[Dataset entries]
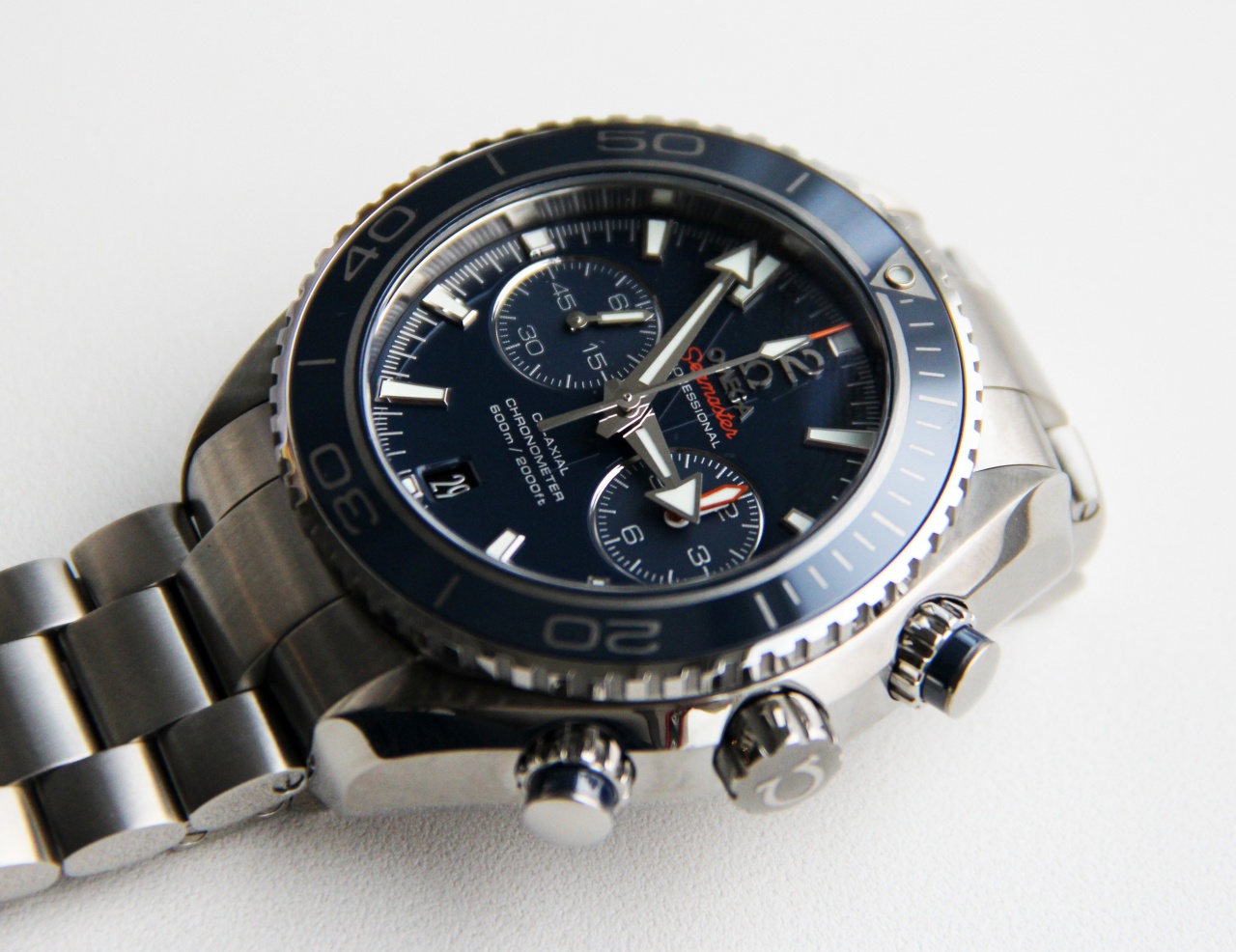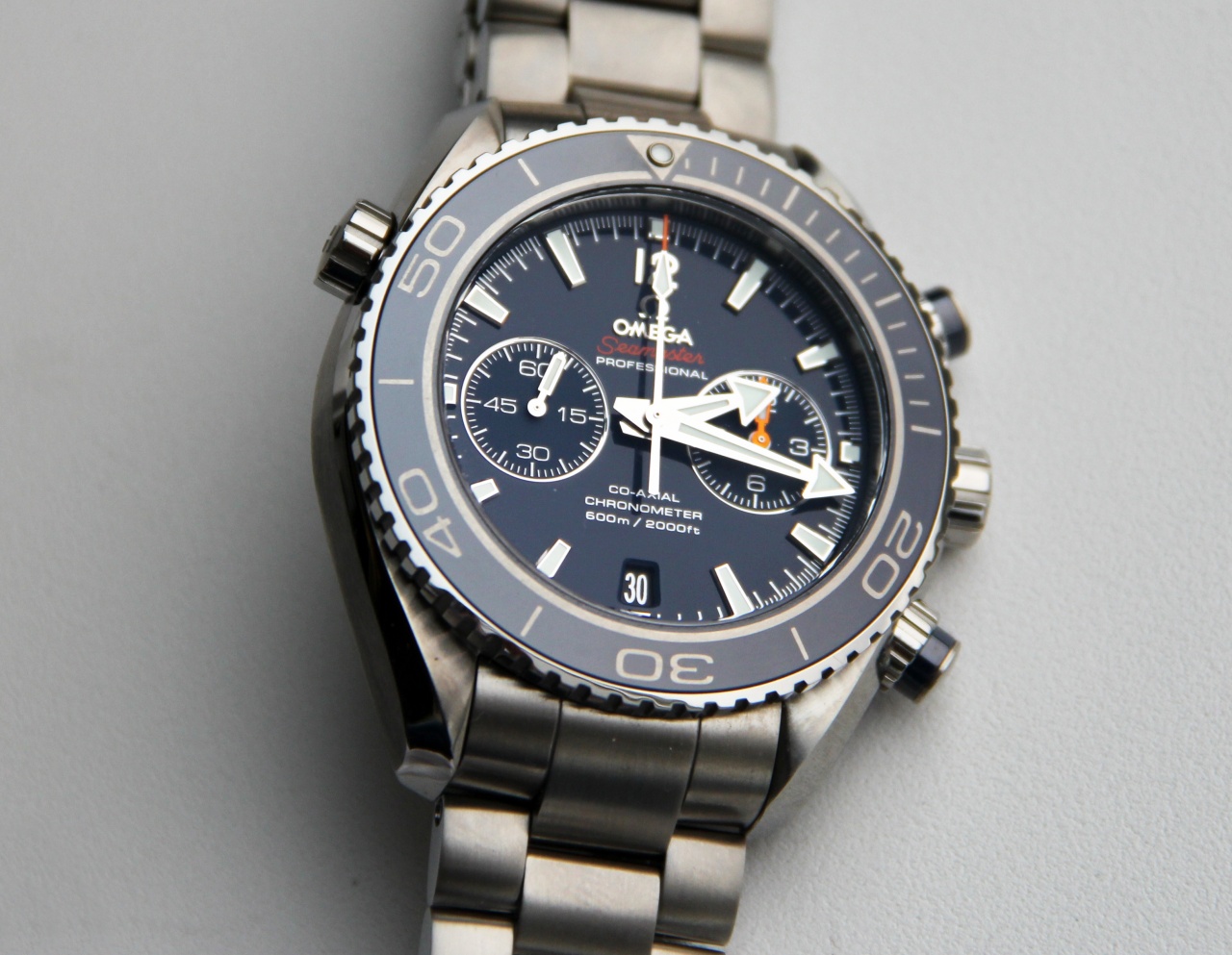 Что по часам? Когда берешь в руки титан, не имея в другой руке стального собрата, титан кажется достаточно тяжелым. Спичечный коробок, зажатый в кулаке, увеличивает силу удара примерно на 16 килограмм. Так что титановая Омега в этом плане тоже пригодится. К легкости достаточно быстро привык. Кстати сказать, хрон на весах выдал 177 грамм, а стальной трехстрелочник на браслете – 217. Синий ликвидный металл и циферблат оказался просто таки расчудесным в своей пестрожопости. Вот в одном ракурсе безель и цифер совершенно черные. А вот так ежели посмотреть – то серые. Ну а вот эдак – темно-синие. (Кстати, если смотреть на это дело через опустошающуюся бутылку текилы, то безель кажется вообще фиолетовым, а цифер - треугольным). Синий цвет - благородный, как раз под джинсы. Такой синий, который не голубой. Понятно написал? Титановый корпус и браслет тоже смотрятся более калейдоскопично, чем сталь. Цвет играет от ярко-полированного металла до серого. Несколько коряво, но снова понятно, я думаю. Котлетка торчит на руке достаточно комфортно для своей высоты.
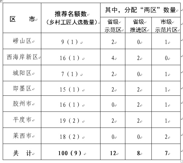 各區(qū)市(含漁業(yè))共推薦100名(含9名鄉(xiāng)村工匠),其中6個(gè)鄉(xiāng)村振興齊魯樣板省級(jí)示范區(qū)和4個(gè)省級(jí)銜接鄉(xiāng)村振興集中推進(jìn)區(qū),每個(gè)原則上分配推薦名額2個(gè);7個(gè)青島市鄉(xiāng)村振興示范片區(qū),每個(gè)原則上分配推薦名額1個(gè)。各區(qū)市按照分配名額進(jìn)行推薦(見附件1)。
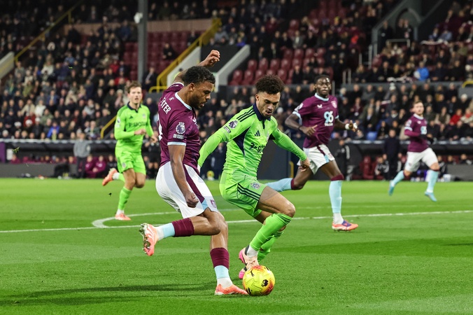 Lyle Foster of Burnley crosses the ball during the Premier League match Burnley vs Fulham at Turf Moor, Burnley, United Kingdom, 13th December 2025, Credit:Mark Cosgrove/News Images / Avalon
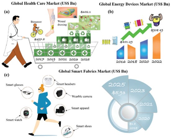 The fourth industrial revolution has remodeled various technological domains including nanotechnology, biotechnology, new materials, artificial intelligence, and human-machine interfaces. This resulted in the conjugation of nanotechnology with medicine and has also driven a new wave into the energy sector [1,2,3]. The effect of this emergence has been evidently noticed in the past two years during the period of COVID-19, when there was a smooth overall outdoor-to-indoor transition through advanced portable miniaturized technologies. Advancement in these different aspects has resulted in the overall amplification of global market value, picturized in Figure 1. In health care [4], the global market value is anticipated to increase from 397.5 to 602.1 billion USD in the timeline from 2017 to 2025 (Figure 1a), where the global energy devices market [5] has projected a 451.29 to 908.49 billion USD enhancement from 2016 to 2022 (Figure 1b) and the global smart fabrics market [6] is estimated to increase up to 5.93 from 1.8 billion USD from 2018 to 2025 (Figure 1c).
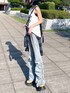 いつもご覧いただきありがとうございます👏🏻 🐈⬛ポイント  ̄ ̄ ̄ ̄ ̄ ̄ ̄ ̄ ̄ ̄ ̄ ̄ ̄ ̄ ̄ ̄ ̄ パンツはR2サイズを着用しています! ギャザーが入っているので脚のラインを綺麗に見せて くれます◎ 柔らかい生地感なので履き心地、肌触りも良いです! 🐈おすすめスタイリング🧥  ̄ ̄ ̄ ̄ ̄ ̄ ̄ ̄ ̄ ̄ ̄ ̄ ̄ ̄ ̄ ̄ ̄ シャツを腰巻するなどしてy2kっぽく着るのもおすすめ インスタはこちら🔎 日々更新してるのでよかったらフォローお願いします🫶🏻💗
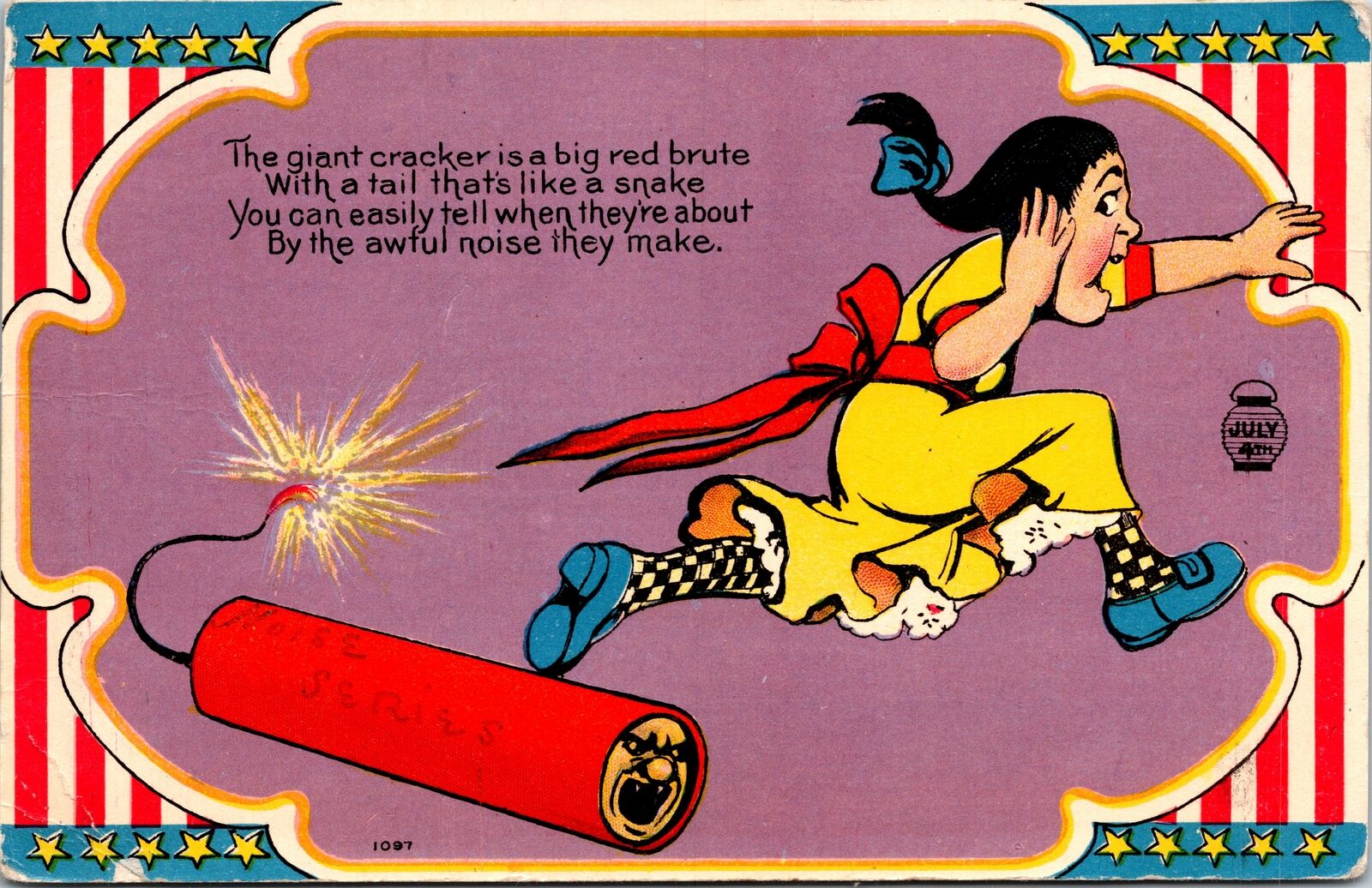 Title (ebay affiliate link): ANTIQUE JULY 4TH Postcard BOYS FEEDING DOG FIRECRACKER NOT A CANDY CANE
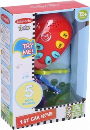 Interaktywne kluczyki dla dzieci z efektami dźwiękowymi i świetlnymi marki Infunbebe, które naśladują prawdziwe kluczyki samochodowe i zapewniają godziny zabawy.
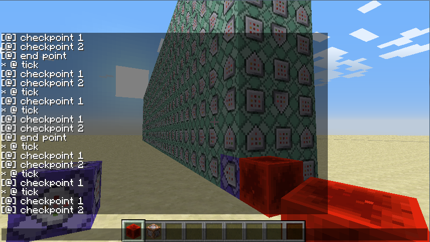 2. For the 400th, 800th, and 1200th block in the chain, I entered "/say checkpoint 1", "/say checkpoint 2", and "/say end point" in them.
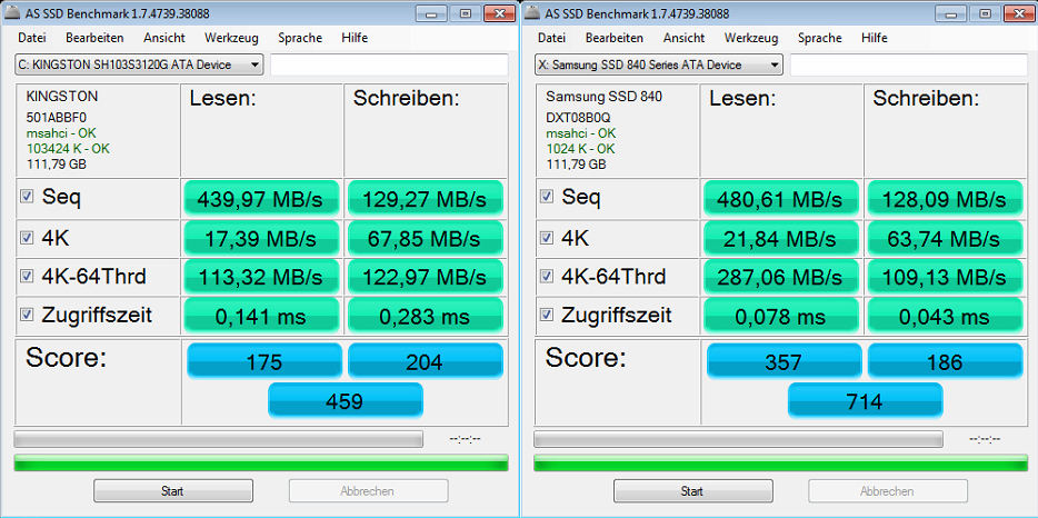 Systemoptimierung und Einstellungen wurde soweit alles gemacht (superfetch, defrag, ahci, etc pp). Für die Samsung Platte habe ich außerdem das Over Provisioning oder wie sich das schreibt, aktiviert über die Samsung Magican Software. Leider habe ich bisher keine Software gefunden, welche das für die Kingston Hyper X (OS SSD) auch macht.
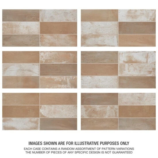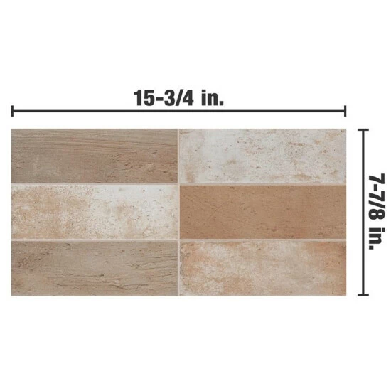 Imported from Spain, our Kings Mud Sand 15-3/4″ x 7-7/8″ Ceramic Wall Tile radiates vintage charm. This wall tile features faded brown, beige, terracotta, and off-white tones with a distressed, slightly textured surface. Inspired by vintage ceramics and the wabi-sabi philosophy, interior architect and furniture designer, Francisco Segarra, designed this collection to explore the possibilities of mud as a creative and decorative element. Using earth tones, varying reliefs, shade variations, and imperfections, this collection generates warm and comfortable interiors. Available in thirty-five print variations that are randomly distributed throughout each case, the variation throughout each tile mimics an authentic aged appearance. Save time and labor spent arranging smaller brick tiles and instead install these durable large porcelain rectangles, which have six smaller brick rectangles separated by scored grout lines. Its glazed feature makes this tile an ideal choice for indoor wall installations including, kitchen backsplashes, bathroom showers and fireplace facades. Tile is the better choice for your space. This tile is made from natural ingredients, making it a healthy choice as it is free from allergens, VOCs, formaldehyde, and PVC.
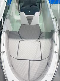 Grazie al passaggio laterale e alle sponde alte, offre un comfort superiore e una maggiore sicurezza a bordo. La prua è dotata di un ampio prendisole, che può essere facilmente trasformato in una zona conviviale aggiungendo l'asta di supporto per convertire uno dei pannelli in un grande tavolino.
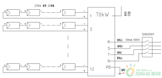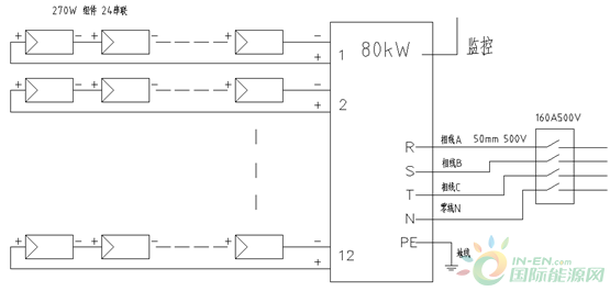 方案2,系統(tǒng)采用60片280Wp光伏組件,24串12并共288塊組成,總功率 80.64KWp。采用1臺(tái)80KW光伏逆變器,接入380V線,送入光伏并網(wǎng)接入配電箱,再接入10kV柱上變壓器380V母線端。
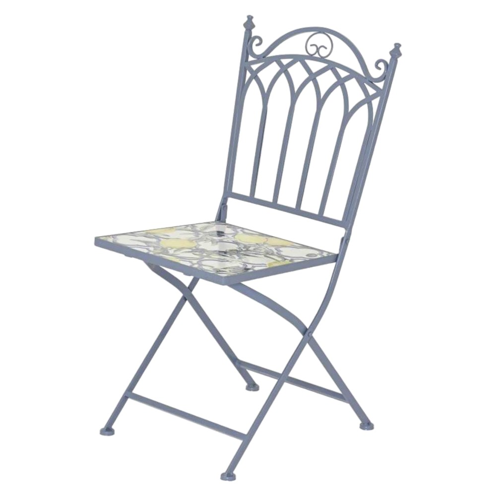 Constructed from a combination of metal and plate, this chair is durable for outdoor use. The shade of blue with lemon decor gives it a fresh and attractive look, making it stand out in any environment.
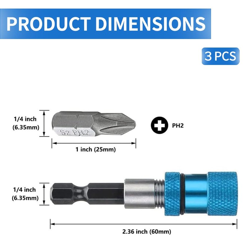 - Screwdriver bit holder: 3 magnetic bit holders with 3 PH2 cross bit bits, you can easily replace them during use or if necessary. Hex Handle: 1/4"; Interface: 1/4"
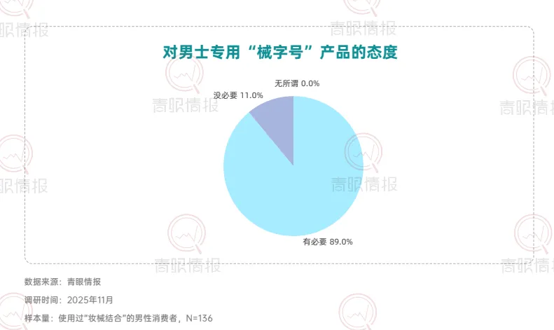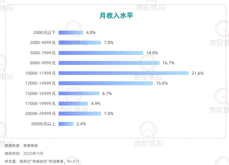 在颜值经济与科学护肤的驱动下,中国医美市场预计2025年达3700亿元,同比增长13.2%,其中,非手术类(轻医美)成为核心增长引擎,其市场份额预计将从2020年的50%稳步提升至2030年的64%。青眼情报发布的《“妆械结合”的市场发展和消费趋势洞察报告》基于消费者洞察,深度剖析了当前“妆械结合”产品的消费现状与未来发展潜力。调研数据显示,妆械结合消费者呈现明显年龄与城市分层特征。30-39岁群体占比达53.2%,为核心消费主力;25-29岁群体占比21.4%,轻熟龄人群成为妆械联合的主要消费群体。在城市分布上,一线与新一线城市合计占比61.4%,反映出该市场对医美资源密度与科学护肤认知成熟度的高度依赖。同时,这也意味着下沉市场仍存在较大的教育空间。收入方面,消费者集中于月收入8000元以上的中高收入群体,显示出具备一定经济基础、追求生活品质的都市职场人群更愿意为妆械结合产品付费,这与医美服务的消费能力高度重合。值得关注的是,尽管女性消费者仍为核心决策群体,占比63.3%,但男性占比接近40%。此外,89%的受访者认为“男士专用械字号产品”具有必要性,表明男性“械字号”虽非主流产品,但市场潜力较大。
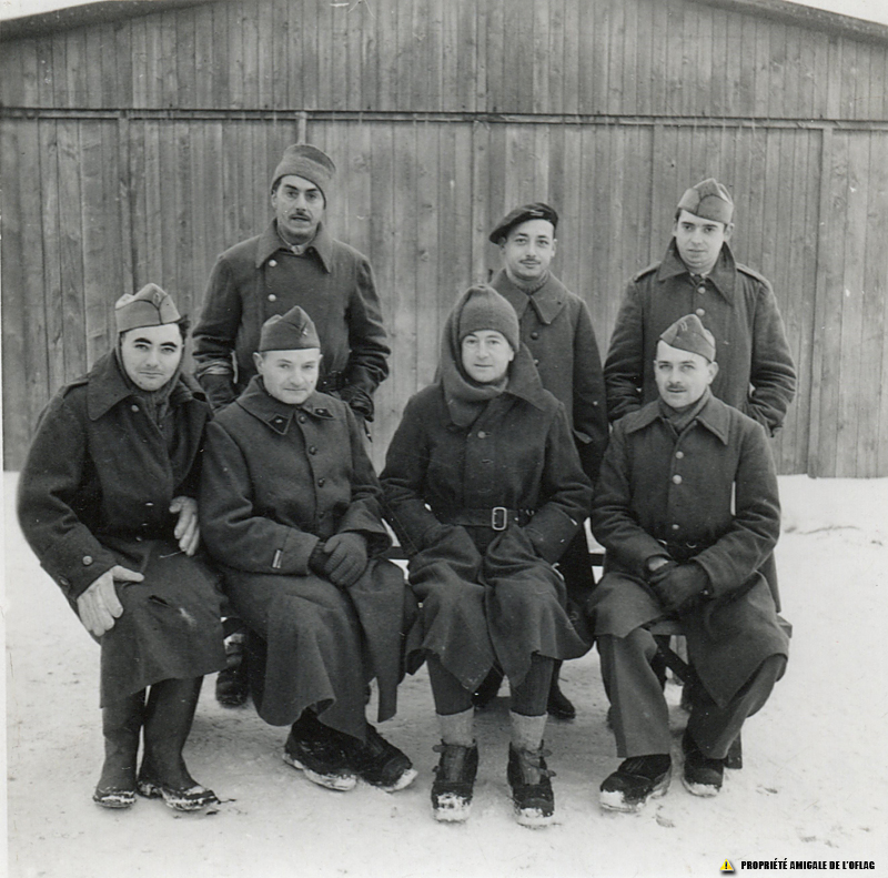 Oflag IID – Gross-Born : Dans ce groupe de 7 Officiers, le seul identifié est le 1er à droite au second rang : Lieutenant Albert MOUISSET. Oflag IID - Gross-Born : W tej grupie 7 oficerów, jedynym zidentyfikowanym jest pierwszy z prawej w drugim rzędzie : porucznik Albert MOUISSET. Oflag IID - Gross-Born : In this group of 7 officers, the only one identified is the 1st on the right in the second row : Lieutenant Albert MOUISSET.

What you should do — Using the data above, print only the lines starting at the one with "Grazie al passaggio" and ending at the one with "在颜值经济与科学护肤的驱动下", exactly as they stand, minus the pictures.

Exercise output —
 Grazie al passaggio laterale e alle sponde alte, offre un comfort superiore e una maggiore sicurezza a bordo. La prua è dotata di un ampio prendisole, che può essere facilmente trasformato in una zona conviviale aggiungendo l'asta di supporto per convertire uno dei pannelli in un grande tavolino.
 方案2,系統(tǒng)采用60片280Wp光伏組件,24串12并共288塊組成,總功率 80.64KWp。采用1臺(tái)80KW光伏逆變器,接入380V線,送入光伏并網(wǎng)接入配電箱,再接入10kV柱上變壓器380V母線端。
 Constructed from a combination of metal and plate, this chair is durable for outdoor use. The shade of blue with lemon decor gives it a fresh and attractive look, making it stand out in any environment.
 - Screwdriver bit holder: 3 magnetic bit holders with 3 PH2 cross bit bits, you can easily replace them during use or if necessary. Hex Handle: 1/4"; Interface: 1/4"
 在颜值经济与科学护肤的驱动下,中国医美市场预计2025年达3700亿元,同比增长13.2%,其中,非手术类(轻医美)成为核心增长引擎,其市场份额预计将从2020年的50%稳步提升至2030年的64%。青眼情报发布的《“妆械结合”的市场发展和消费趋势洞察报告》基于消费者洞察,深度剖析了当前“妆械结合”产品的消费现状与未来发展潜力。调研数据显示,妆械结合消费者呈现明显年龄与城市分层特征。30-39岁群体占比达53.2%,为核心消费主力;25-29岁群体占比21.4%,轻熟龄人群成为妆械联合的主要消费群体。在城市分布上,一线与新一线城市合计占比61.4%,反映出该市场对医美资源密度与科学护肤认知成熟度的高度依赖。同时,这也意味着下沉市场仍存在较大的教育空间。收入方面,消费者集中于月收入8000元以上的中高收入群体,显示出具备一定经济基础、追求生活品质的都市职场人群更愿意为妆械结合产品付费,这与医美服务的消费能力高度重合。值得关注的是,尽管女性消费者仍为核心决策群体,占比63.3%,但男性占比接近40%。此外,89%的受访者认为“男士专用械字号产品”具有必要性,表明男性“械字号”虽非主流产品,但市场潜力较大。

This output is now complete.